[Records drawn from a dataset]

..........

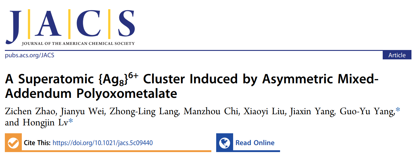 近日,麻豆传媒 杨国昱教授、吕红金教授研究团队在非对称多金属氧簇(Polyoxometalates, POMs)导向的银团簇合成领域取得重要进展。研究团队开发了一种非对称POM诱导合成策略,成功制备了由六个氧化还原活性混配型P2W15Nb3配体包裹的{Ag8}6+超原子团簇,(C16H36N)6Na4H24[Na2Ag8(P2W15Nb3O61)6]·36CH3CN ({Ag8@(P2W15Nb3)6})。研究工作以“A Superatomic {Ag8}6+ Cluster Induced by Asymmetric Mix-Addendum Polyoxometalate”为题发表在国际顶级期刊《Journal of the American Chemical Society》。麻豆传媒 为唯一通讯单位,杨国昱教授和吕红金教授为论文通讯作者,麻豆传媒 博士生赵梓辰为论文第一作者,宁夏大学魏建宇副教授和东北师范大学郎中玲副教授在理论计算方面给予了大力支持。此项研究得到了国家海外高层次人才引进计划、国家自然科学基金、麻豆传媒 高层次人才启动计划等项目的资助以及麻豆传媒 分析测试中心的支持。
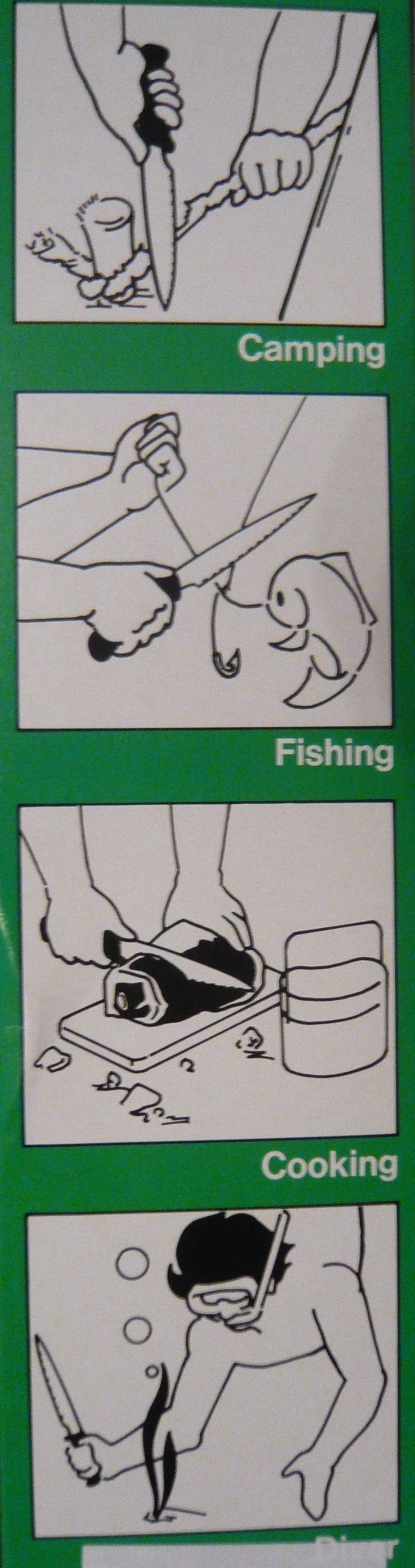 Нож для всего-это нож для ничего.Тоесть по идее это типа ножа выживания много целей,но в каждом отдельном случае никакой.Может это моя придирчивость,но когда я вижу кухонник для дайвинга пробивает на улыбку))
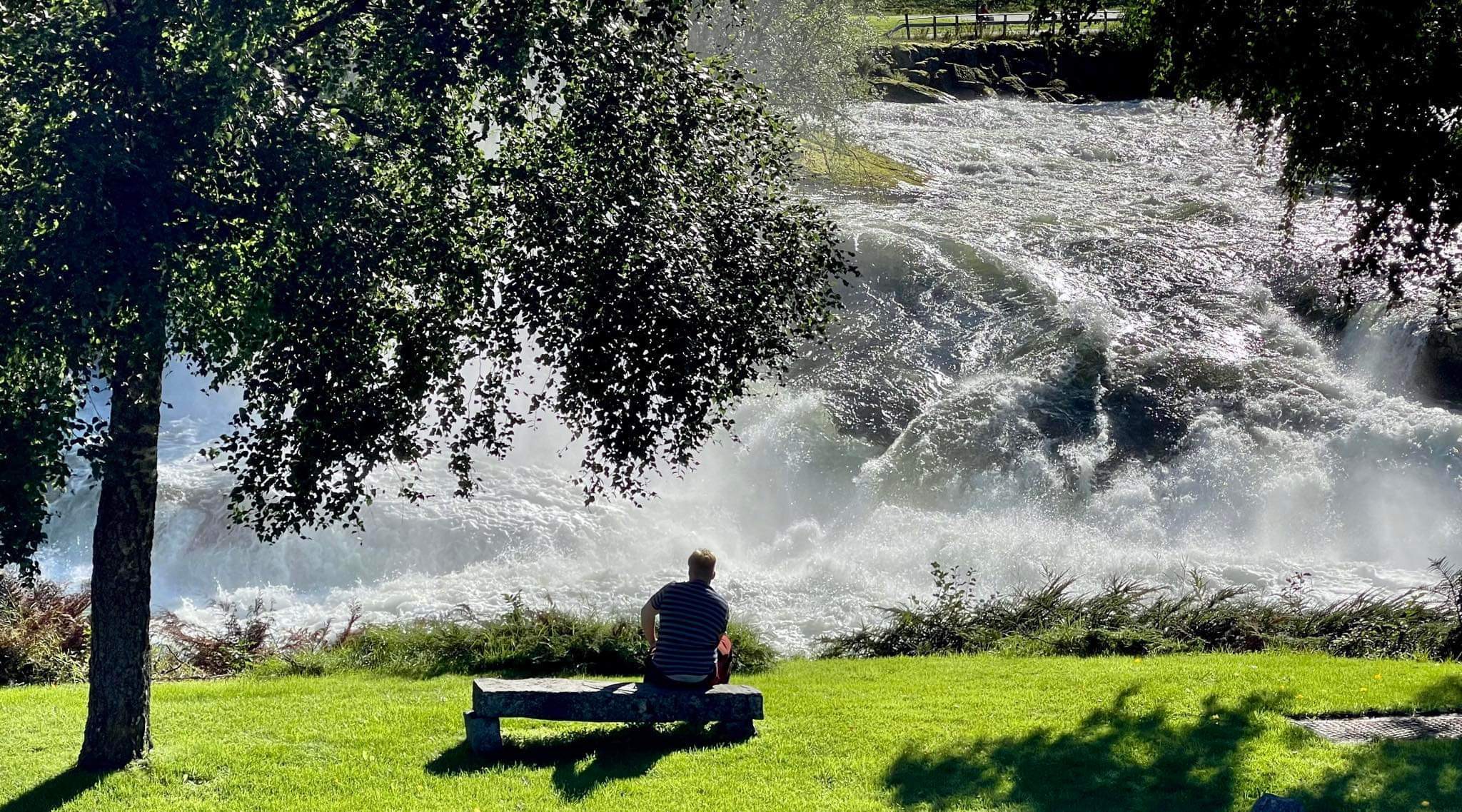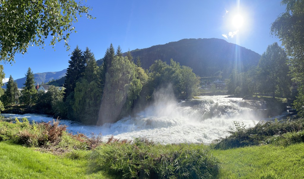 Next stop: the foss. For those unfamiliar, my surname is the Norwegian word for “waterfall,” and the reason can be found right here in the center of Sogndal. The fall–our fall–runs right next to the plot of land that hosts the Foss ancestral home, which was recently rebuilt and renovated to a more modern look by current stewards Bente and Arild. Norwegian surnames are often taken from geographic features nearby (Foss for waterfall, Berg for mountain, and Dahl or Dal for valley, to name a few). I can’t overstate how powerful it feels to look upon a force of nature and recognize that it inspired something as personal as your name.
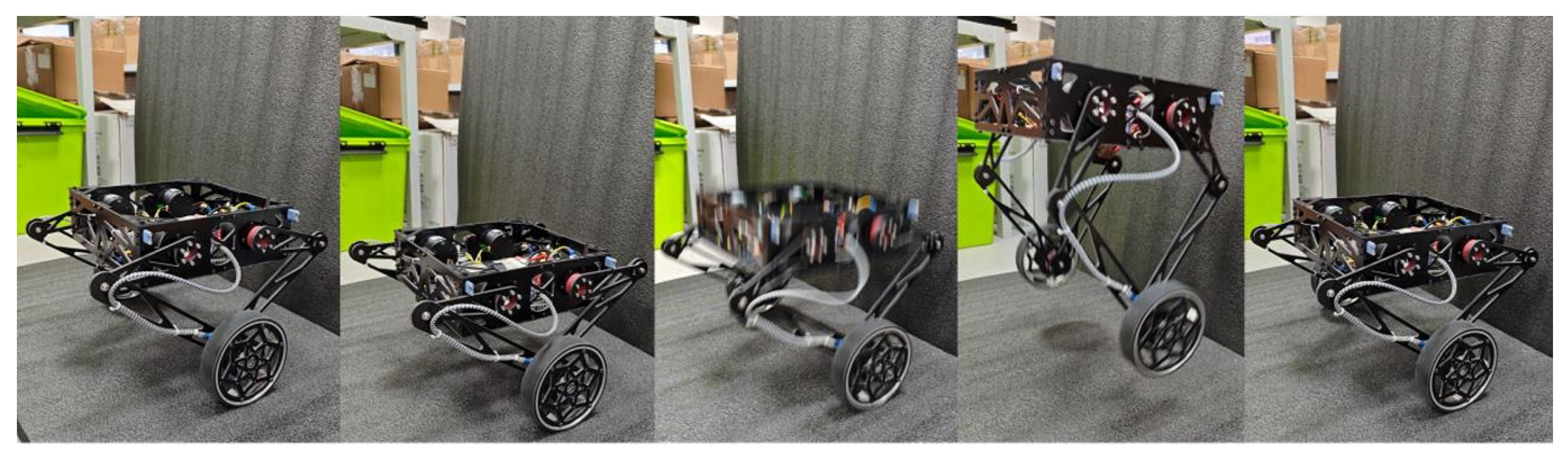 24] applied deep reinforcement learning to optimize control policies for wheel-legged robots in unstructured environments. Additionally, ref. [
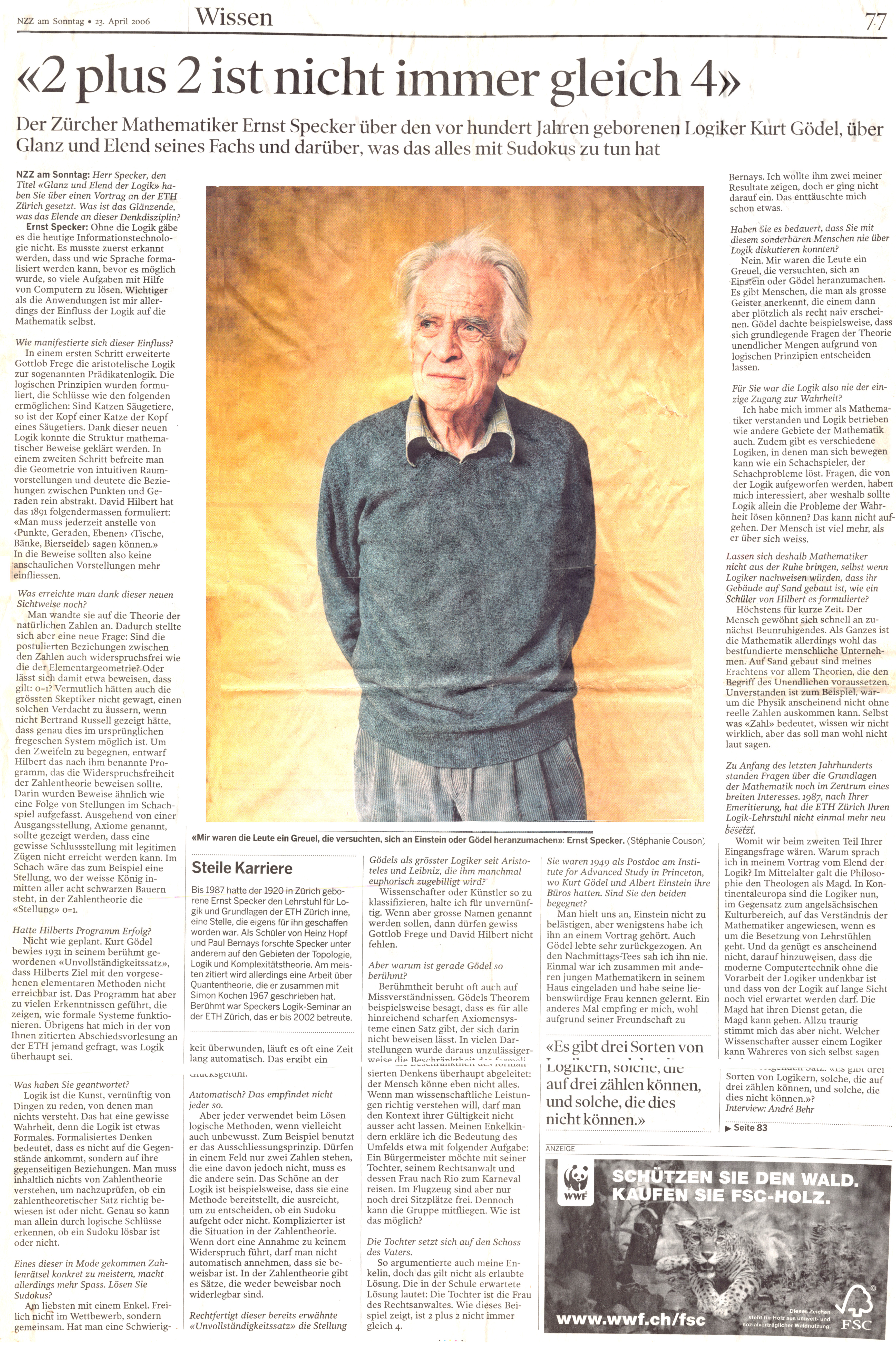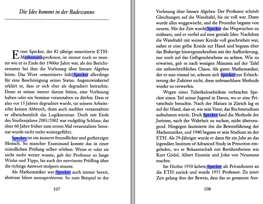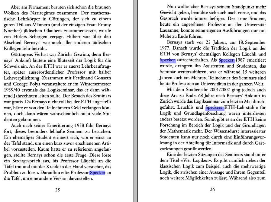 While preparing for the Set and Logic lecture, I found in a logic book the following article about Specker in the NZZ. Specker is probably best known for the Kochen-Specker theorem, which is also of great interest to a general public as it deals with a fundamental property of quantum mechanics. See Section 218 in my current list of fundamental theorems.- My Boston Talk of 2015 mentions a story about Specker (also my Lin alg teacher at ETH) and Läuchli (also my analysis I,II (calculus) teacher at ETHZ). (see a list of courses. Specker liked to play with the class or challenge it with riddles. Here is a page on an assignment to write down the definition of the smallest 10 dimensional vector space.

..........

• **Problem requirements**
Find the line with "Нож для всего-это" and the line with "24] applied deep" in the records above. Copy both and all lines between them exactly, without pictures.

• **Problem solution**
 Нож для всего-это нож для ничего.Тоесть по идее это типа ножа выживания много целей,но в каждом отдельном случае никакой.Может это моя придирчивость,но когда я вижу кухонник для дайвинга пробивает на улыбку))
 Next stop: the foss. For those unfamiliar, my surname is the Norwegian word for “waterfall,” and the reason can be found right here in the center of Sogndal. The fall–our fall–runs right next to the plot of land that hosts the Foss ancestral home, which was recently rebuilt and renovated to a more modern look by current stewards Bente and Arild. Norwegian surnames are often taken from geographic features nearby (Foss for waterfall, Berg for mountain, and Dahl or Dal for valley, to name a few). I can’t overstate how powerful it feels to look upon a force of nature and recognize that it inspired something as personal as your name.
 24] applied deep reinforcement learning to optimize control policies for wheel-legged robots in unstructured environments. Additionally, ref. [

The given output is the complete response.